**ACTIVITY**. Print the data below verbatim, minus images.

**RECORDED DATA**.
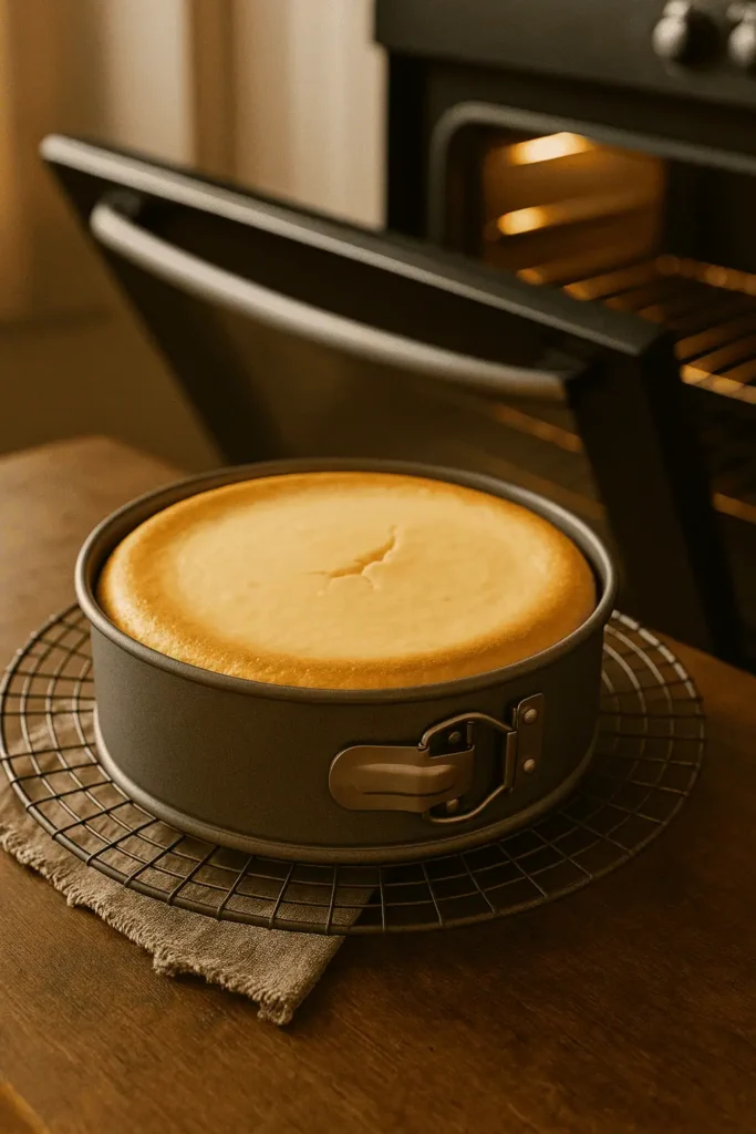 - 6️⃣ Bake for 50–60 minutes, until center is almost set but still slightly jiggly. Turn off oven, crack door, and let cheesecake cool inside for 1 hour.
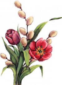 Два тюльпана Букет из тюльпанов и вербы Три красных тюльпана с белым дном Три розовых тюльпанчика
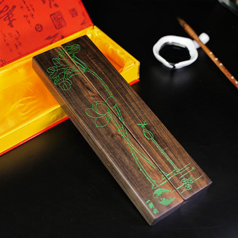 一得阁黑酸枝荷花镇尺文房四宝书法文房用品毛笔书法绘画压纸镇雕刻礼盒装加厚加重学生初学者成人专用

**RESPONSE TO THE EXERCISE**.
 - 6️⃣ Bake for 50–60 minutes, until center is almost set but still slightly jiggly. Turn off oven, crack door, and let cheesecake cool inside for 1 hour.
 Два тюльпана Букет из тюльпанов и вербы Три красных тюльпана с белым дном Три розовых тюльпанчика
 一得阁黑酸枝荷花镇尺文房四宝书法文房用品毛笔书法绘画压纸镇雕刻礼盒装加厚加重学生初学者成人专用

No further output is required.